§ Data section
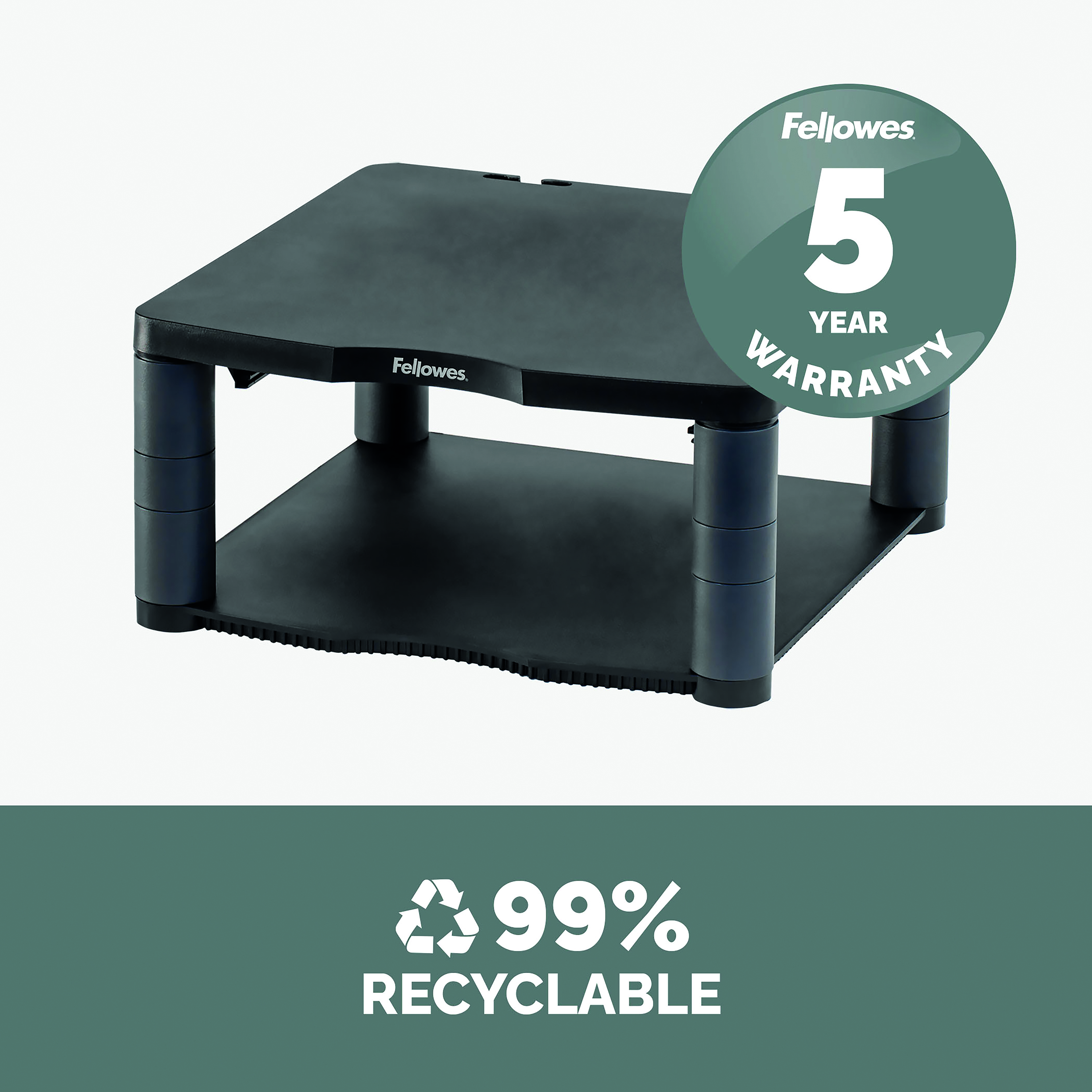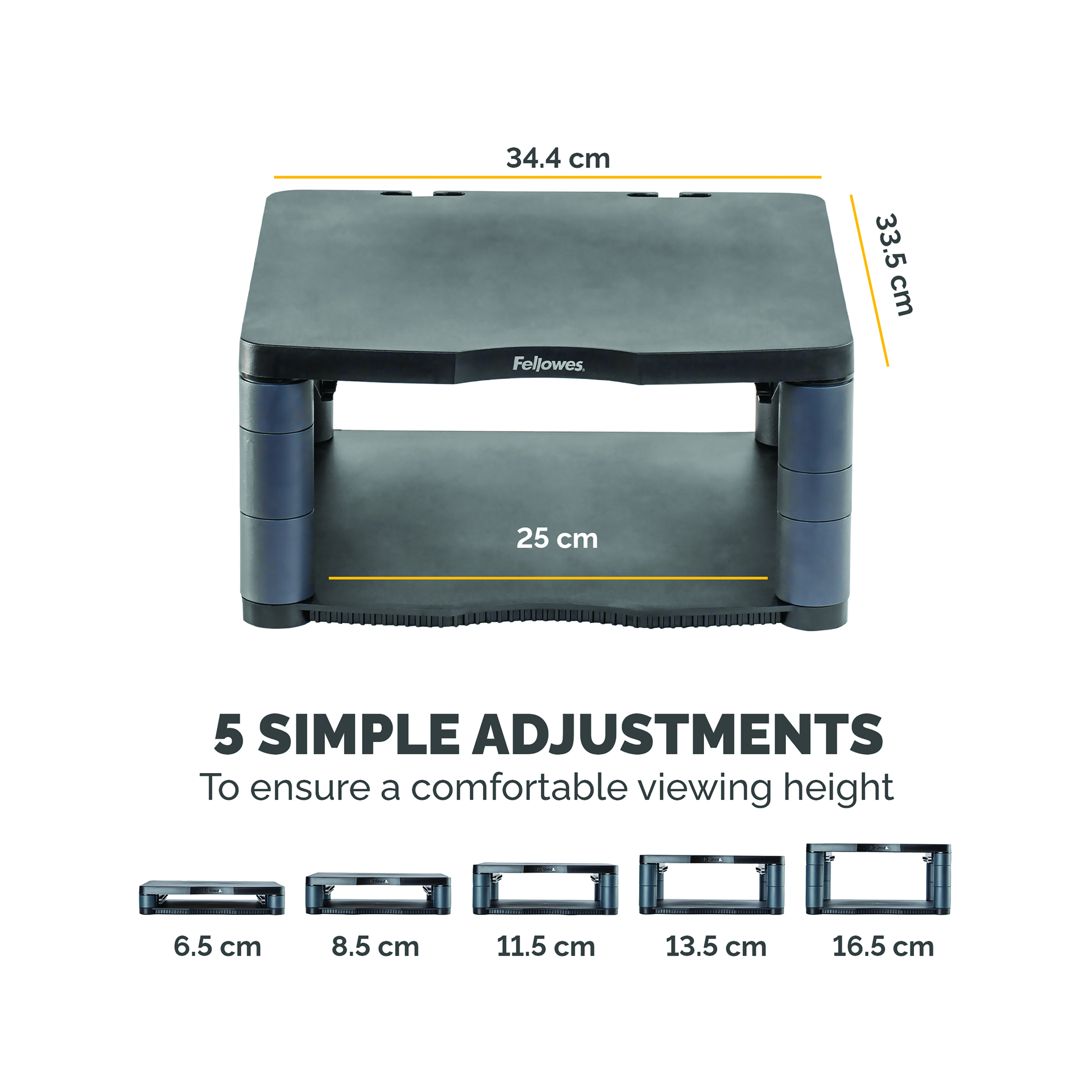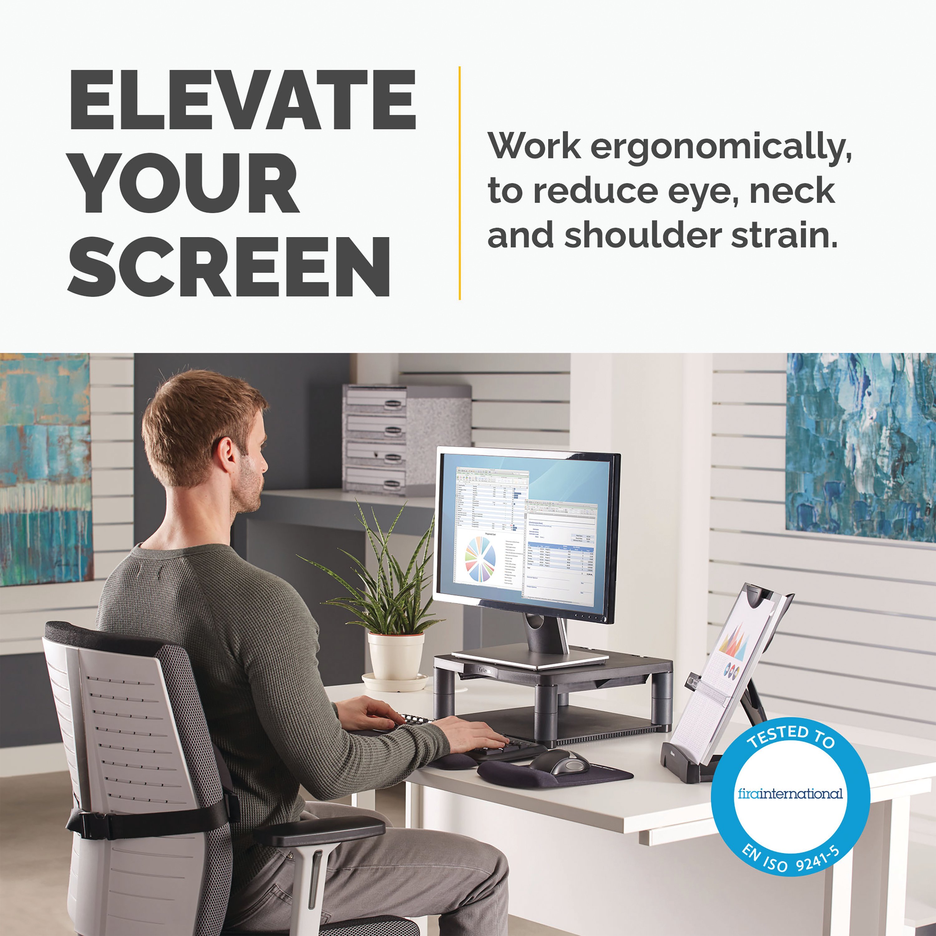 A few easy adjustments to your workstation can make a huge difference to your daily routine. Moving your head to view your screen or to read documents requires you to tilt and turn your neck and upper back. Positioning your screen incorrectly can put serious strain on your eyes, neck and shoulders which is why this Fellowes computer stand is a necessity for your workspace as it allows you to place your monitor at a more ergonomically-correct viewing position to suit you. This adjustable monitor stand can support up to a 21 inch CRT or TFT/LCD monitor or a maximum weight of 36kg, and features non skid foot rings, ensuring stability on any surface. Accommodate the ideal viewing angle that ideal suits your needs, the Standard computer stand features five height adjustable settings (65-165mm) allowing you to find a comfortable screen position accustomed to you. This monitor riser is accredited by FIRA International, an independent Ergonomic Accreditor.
...
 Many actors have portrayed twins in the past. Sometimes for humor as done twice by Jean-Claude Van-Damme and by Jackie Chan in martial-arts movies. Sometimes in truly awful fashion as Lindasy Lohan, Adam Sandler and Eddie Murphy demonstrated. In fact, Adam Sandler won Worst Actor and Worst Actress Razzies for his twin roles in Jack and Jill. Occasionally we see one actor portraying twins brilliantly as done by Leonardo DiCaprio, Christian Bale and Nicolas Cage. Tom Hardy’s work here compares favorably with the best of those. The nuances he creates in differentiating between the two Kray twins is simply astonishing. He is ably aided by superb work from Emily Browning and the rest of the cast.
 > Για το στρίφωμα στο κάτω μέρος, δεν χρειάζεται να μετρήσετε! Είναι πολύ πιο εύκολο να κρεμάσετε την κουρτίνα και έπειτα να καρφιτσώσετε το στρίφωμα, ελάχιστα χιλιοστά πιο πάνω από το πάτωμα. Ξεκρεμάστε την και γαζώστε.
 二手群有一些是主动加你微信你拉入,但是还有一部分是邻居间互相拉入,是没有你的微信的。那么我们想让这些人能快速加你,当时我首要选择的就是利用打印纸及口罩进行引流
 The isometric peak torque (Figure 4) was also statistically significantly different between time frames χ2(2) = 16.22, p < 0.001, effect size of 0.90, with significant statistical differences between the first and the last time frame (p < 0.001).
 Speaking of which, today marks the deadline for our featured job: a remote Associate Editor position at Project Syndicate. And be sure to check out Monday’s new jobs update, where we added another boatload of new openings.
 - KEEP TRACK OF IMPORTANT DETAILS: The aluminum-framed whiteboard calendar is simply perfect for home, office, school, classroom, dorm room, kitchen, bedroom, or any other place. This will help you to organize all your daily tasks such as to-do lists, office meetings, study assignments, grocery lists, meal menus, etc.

§ Brief
From the records above, show each line that contains the word "with".

§ Task output
 Many actors have portrayed twins in the past. Sometimes for humor as done twice by Jean-Claude Van-Damme and by Jackie Chan in martial-arts movies. Sometimes in truly awful fashion as Lindasy Lohan, Adam Sandler and Eddie Murphy demonstrated. In fact, Adam Sandler won Worst Actor and Worst Actress Razzies for his twin roles in Jack and Jill. Occasionally we see one actor portraying twins brilliantly as done by Leonardo DiCaprio, Christian Bale and Nicolas Cage. Tom Hardy’s work here compares favorably with the best of those. The nuances he creates in differentiating between the two Kray twins is simply astonishing. He is ably aided by superb work from Emily Browning and the rest of the cast.
 The isometric peak torque (Figure 4) was also statistically significantly different between time frames χ2(2) = 16.22, p < 0.001, effect size of 0.90, with significant statistical differences between the first and the last time frame (p < 0.001).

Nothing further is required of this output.